To solve that, we split the problem into two phases: research first, then structure.

We kept the existing prompt, but stopped asking it to structure the output. Instead we just requested text, allowing the model to decide how it wanted to deliver the results. There was some variance, but it consistently followed the prompt and provided good data even if the structure was inconsistent.

We then took that raw research and sent it to a second, faster model with our JSON schema. This model extracts the key fields: company summary, employee role, and the top three use cases.

The structuring phase doesn’t require much reasoning, so our internal model router picks the fastest model that can handle strict JSON schema output.

Occasionally when left to its own devices, the model could come up with fanciful use cases that were simply beyond the capabilities of our platform (and sometimes, LLMs as a whole!).

We found that by explicitly grounding it in the capabilities that Logic supports we were able to steer deep research into giving us use cases at a much higher success rate. The grounding included:

File formats (pdf, png, wav, etc.)
Data expectations (structured data, json)
Capabilities (reasoning, image analysis, audio processing)
Tools (web search, image generation)

Some companies are stealth startups. Some employees have minimal online presence. What happens when the research phase comes back empty?

We handle this explicitly in the prompt: if information is insufficient, return what’s available and infer the rest based on industry patterns or general business needs. Something personalized is better than nothing. Something generic but grounded in our actual capabilities is better than something hallucinated and impossible. It’s important to offer the model a fallback case when no information is available rather than insisting that it come up with something.

Of course identifying 3 use cases isn’t the entire story. Next we need to actually turn those into automated workflows. To do that we rely on our existing autodoc feature, which takes a simple request like “categorize a receipt” and then constructs a full document from that.

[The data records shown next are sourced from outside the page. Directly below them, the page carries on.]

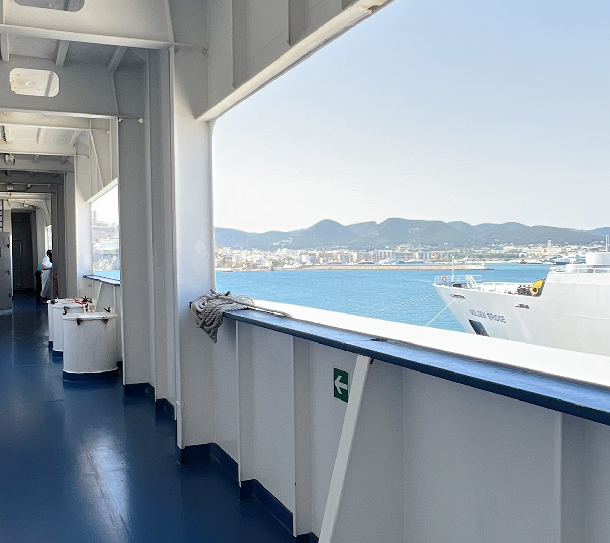Ibiza is one of the Balearic Islands and it’s only accessible by air or ferry. The ferry boats we traveled on were far larger than we expected, they’re actually cargo ships that also have passenger sleeping quarters for overnight journeys. We watched semitrucks load on and off these giant ferries and it was amazing to observe the efficiency of the transport of goods on such a large scale. We crossed the Mediterranean from Barcelona to Ibiza on a ten hour overnight journey, and awoke to crew members knocking on our doors reminding us to hurry because it was time to offload with the cargo trucks, cars, and fellow passengers.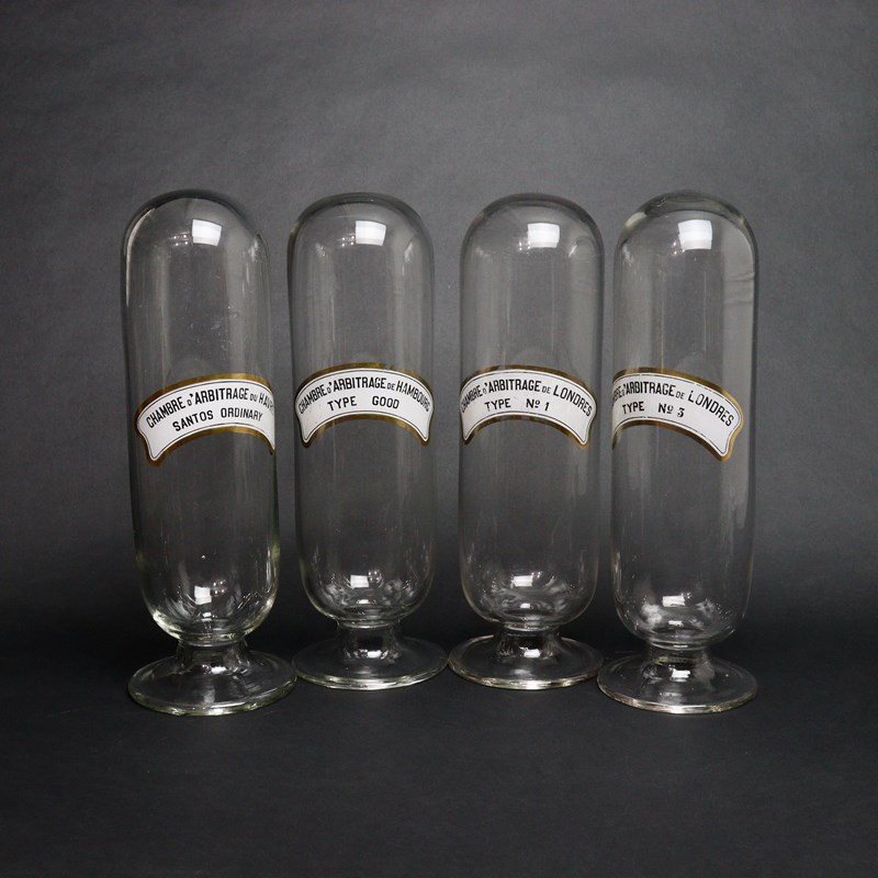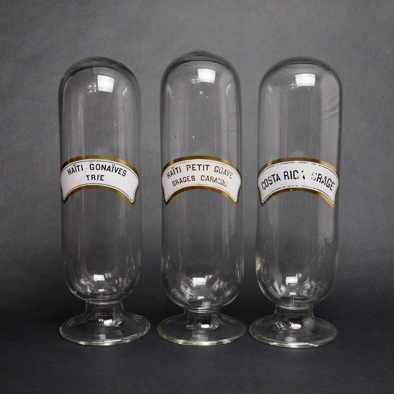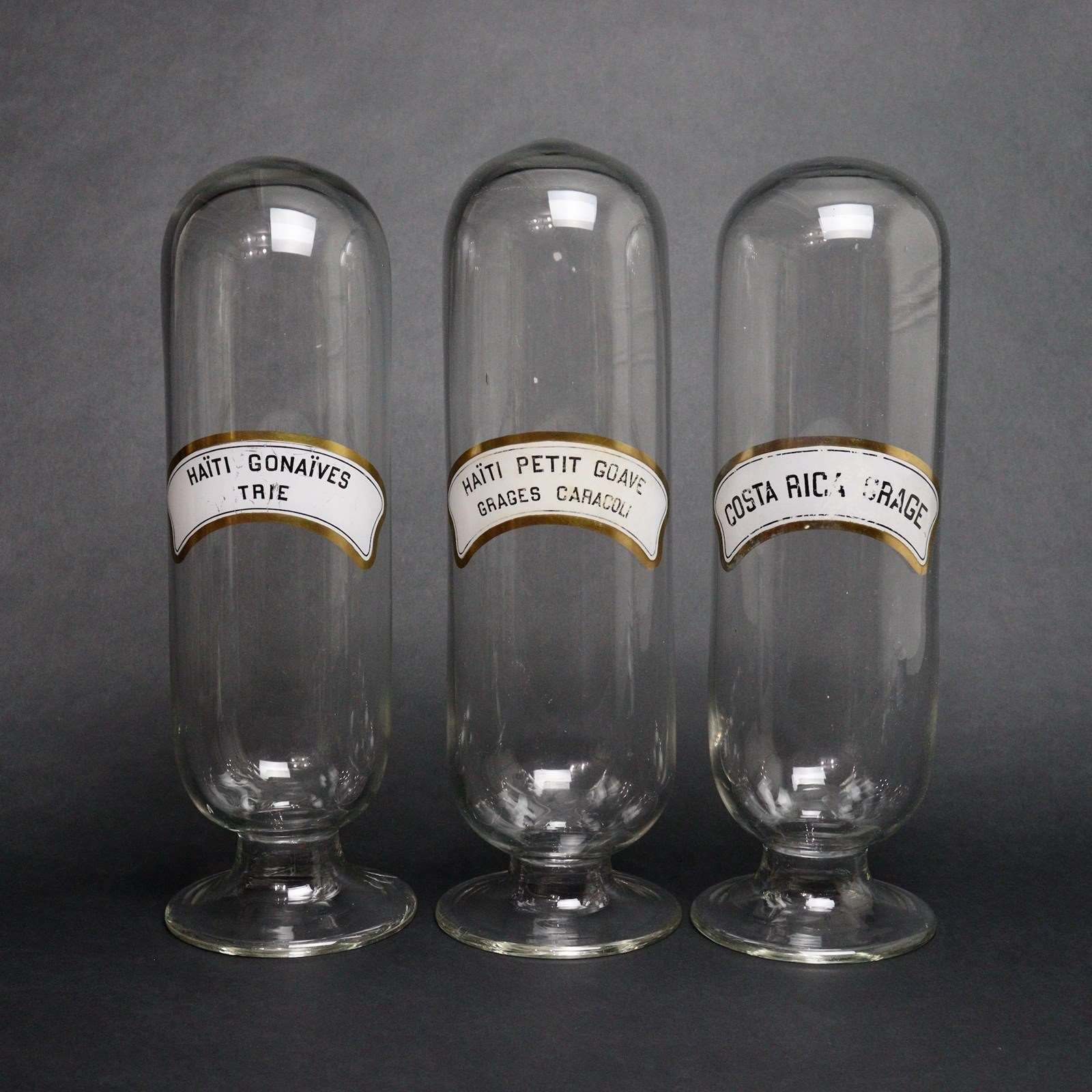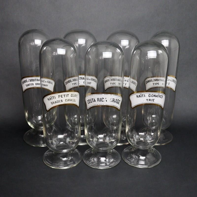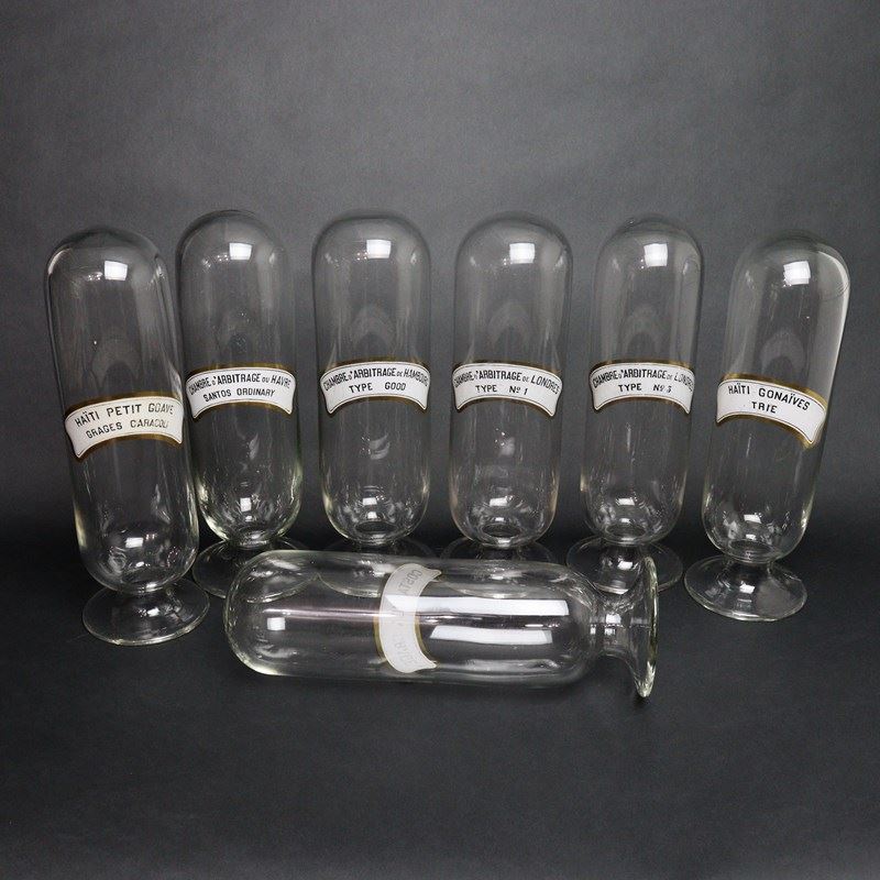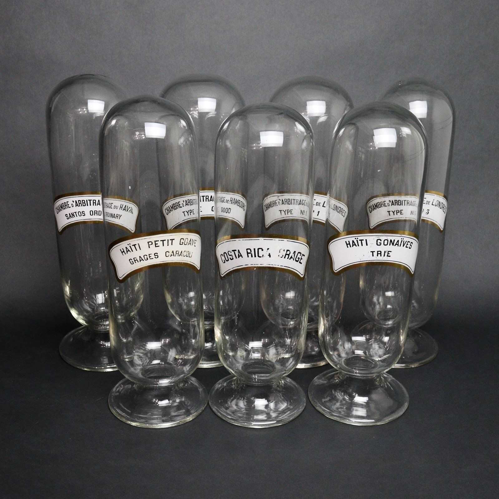 A most unusual, and very decorative set of seven, late 19th/early 20th century glass coffee jars. These would have been used in a coffee shop in France and they date from c.1900. They are a great shape, being filled from the base, and they would have been sealed with corks. The labels are quite intriguing, some having the name of the coffee, such as “SANTOS ORDINARY”, “CARACOLI” and “COSTA RICA”. Two have the name of towns in Haiti, “PETIT GOAVE” and “GONAIVES” and these would have been the towns from which the coffee came. Haiti has a long history of coffee production from its introduction by French colonists in the early 18th century. Four of the others have the names of arbitration courts, two for London, one in Hambourg and one in the Havre. These chambers or courts were all established in the late 19th century to resolve commercial disputes and coffees must have been named after them. These coffees don’t seem to exist any more as I can find nothing relating to them, only the courts. So not only are these jars very decorative but they are also a talking point with good, historical interest.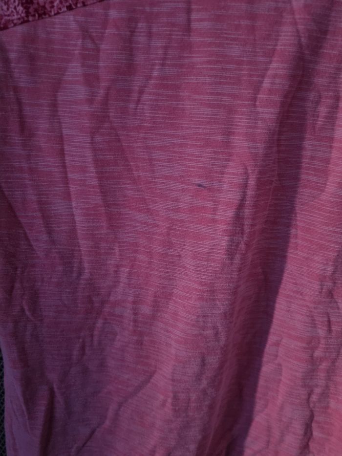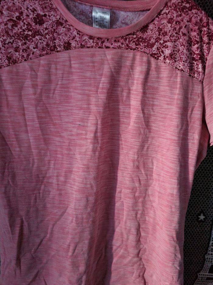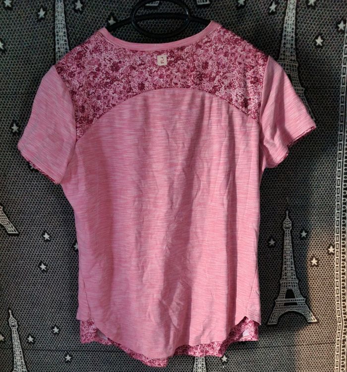 T-shirt de sport rose chiné 2 en 1 constitué de deux épaisseurs : l'une près du corps, légèrement plus longue et peut se glisser dans le short, le pantalon, le legging. L'autre partie reste dehors et habille ,de cette manière, le bas du dos et le ventre restent couverts même pendant une roue,taille 14-15ans marque Domyos, légère tache voir dernière photo.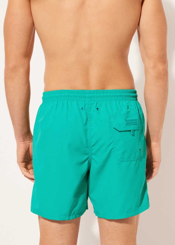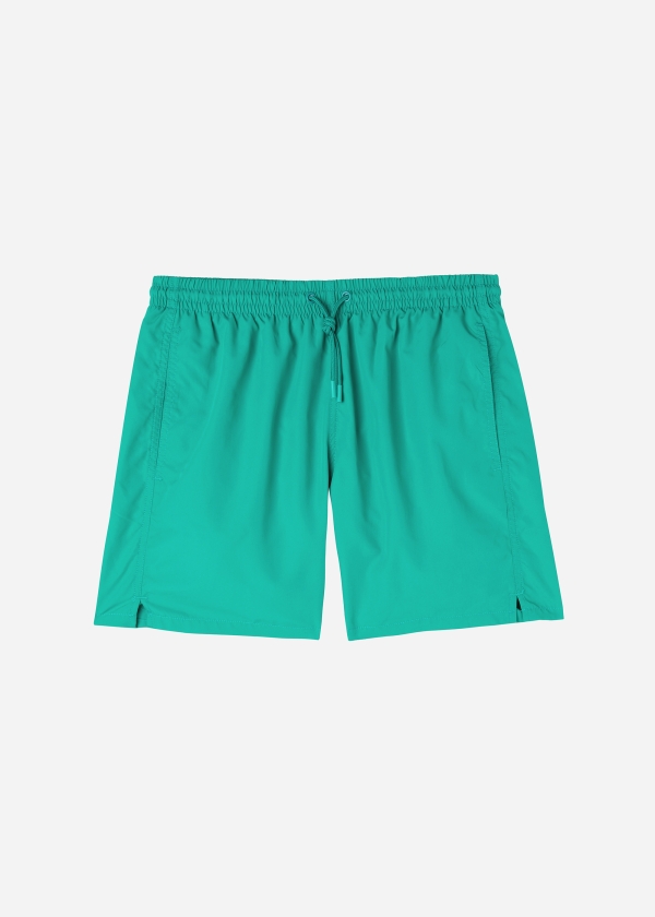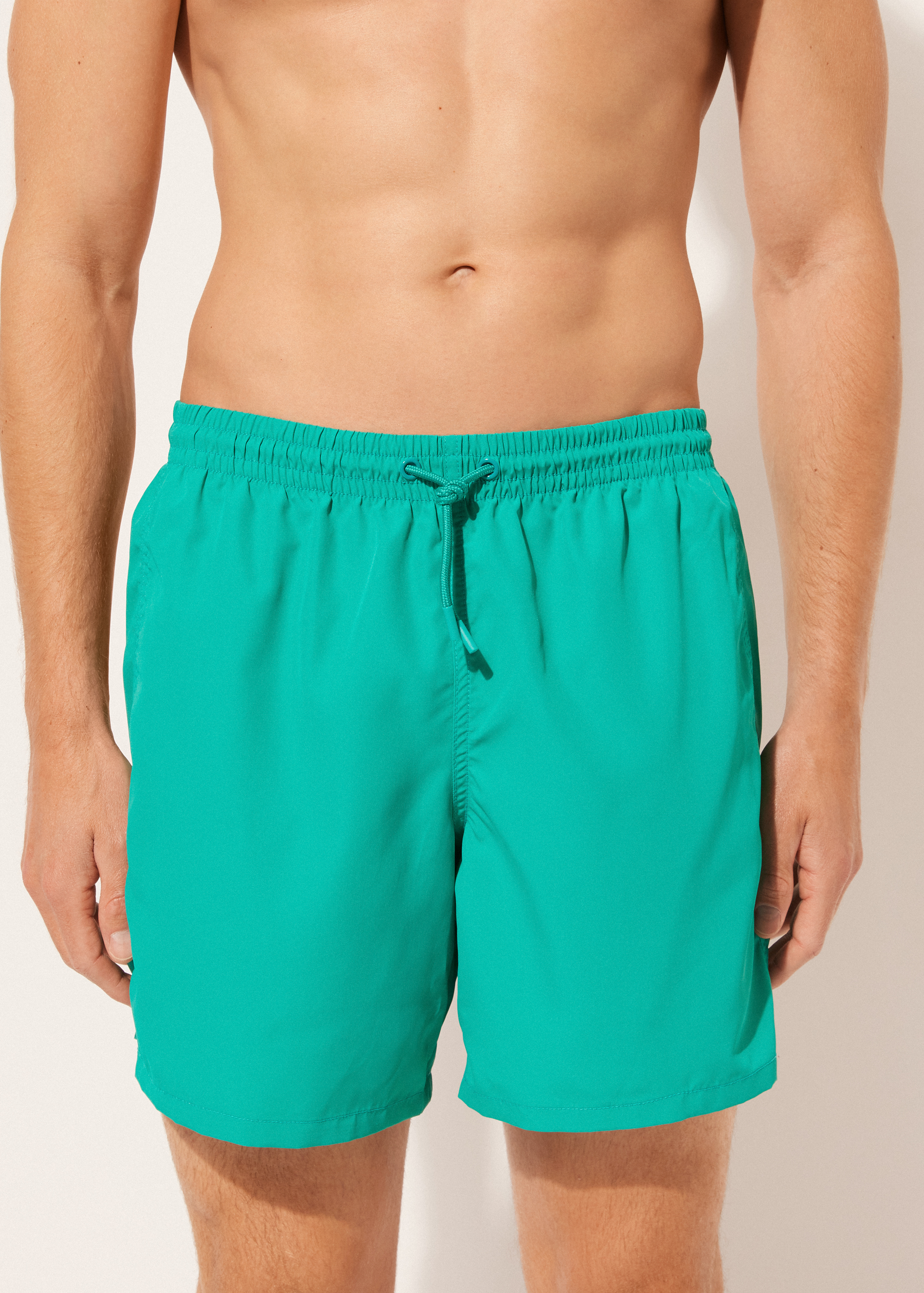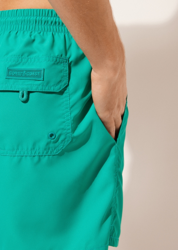 Мужские плавки-шорты с эластичным поясом. На талии кулиска с цветным эглетом на шнурке. Длина до середины бедра. По бокам прорезные карманы из сетчатой ткани. Сзади накладной карман с логотипом. Мягкая и комфортная быстросохнущая ткань.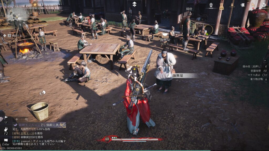 販売物:麦飯(採薬の会心率+10%/10分)、鶏炒め麺(採薬の会心率+20%/10分)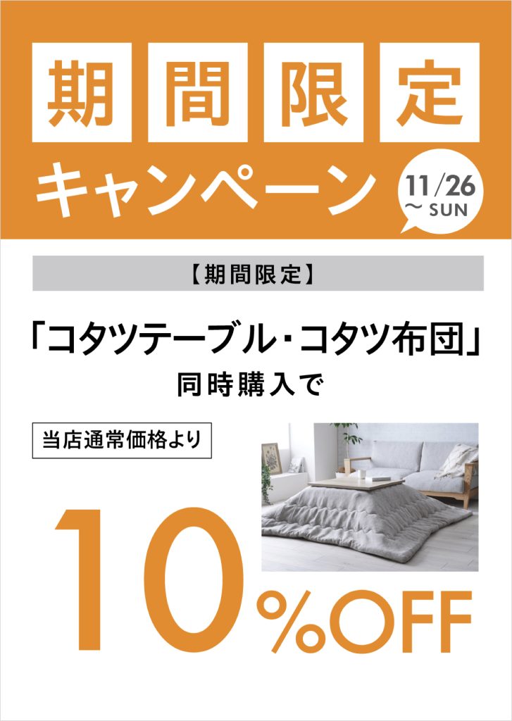 こたつテーブル&こたつ布団を同時購入するとそれぞれ10%OFF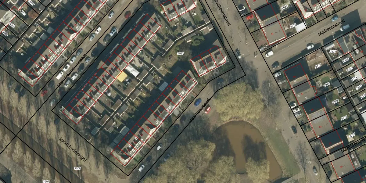 Het perceel waarop Maarheezepark 5 staat heeft een oppervlakte van 5185 m². Dit is een zeer groot perceel. De perceeloppervlakte wordt geregistreerd door het Kadaster. Gedetailleerde informatie over de maten van dit perceel kunt u vinden in het rapport Kadastrale kaart met maatvoering van Maarheezepark 5.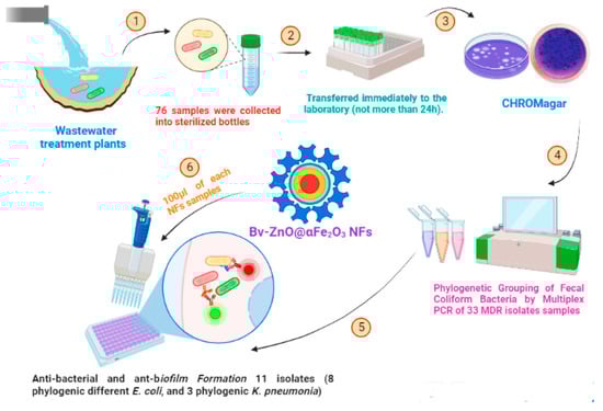 Fecal coliform bacteria can cause illnesses both in the hospital and in the community. One of the essential characteristics is multiple resistance to broad-spectrum antibiotics. Due to the excessive use of antimicrobial medications as a treatment, multidrug-resistant (MDR) bacteria like E. coli and K. pneumonia have become more common in recent years [1]. Antibiotics are an important tool in lowering the sickness or mortality caused by bacterial infections in humans. The unrestricted use of antibiotics was the primary cause of MDR bacterial strains’ establishment and dissemination [2,3]. The requirement for water will surely increase as the world population continues to rise. As a result, there will be a greater need globally for effective and cost-effective water treatment solutions. An important development could result from the industry’s adoption of nanotechnology [4]. Wastewater treatment by using nanotechnology has attracted more attention in recent years owing to its important criteria as small sizes providing large specific surface areas; nanomaterials have great adsorption capacities and reactivity with heavy metals, organic pollutants, inorganic anions, and bacteria [5].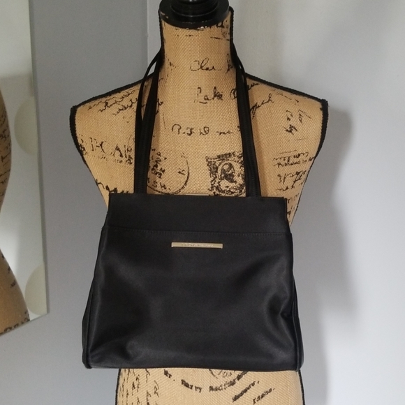 Black nylon bag. Excellent condition, 3 compartments, front middle and back ,clasp closure.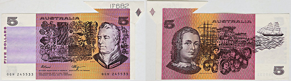 | Lot: 726 Category: Misprinted Australian Banknotes > Five Dollar |
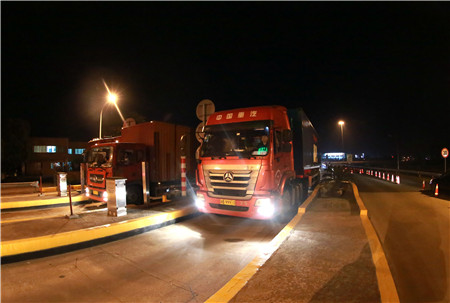 臺(tái)州南、溫嶺西收費(fèi)所,分流9點(diǎn)開始,由于夜間通行貨車居多,每輛需計(jì)重收費(fèi),且夾雜綠農(nóng)車,情況復(fù)雜,分流1個(gè)小時(shí)后出口車道已排成車燈長(zhǎng)龍,壓力巨大。“路口協(xié)警一定要守住第一道防線,不能讓任何車輛進(jìn)入!”富有經(jīng)驗(yàn)的所長(zhǎng)王益民已在車道上與交通協(xié)管員一起指揮疏導(dǎo)交通了。從晚上10點(diǎn)到凌晨6點(diǎn),持續(xù)奮戰(zhàn)8個(gè)小時(shí),在有限的具有稱重能力車道的情況下,臺(tái)州南、溫嶺西共完成了5千多輛車的收費(fèi)工作,流量相比平時(shí)增加一倍。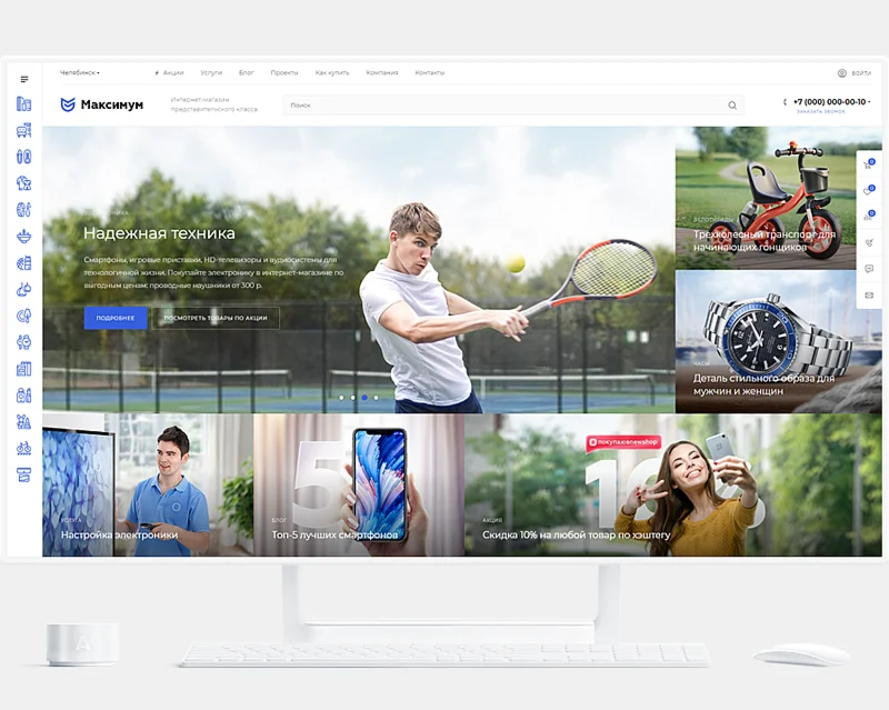 Аспро: Максимум — универсальный интернет-магазин, разработанный с учетом пожеланий пользователей, современных тенденций и технологий для быстрой загрузки. Работает на опережение, решает реальные задачи бизнеса, идеально отображается на всех устройствах.

It works by understanding our platform’s capabilities similar to the org research step but it adds an additional feature: we have a set of known good automated workflows that we search through using embeddings, then attach the best 3 matches as few-shot examples to the LLM.

In the spirit of automating this entire process, we also send out an email to the customer, with login details, and offer them a zoom link to meet with our CEO, just like before.

The feedback has been consistently positive. People don’t expect a B2B SaaS product to know anything about them when they sign up, and it’s fun to see what a system comes up with about you. We were a little worried that it might feel invasive, but instead it feels tailored. Our users immediately pick up on how it must work since there wasn’t enough time for a human being to have done the research.

The pattern here works beyond onboarding. Any workflow where a human researches and takes action is a candidate for this kind of automation.

We automated our CEO’s two-hour research process not by making it less personal, but by making it scale. The research is just as thorough and the suggestions just as tailored. But it doesn’t take two hours anymore and Steve is freed up to work on other things, like rant about fine tuning.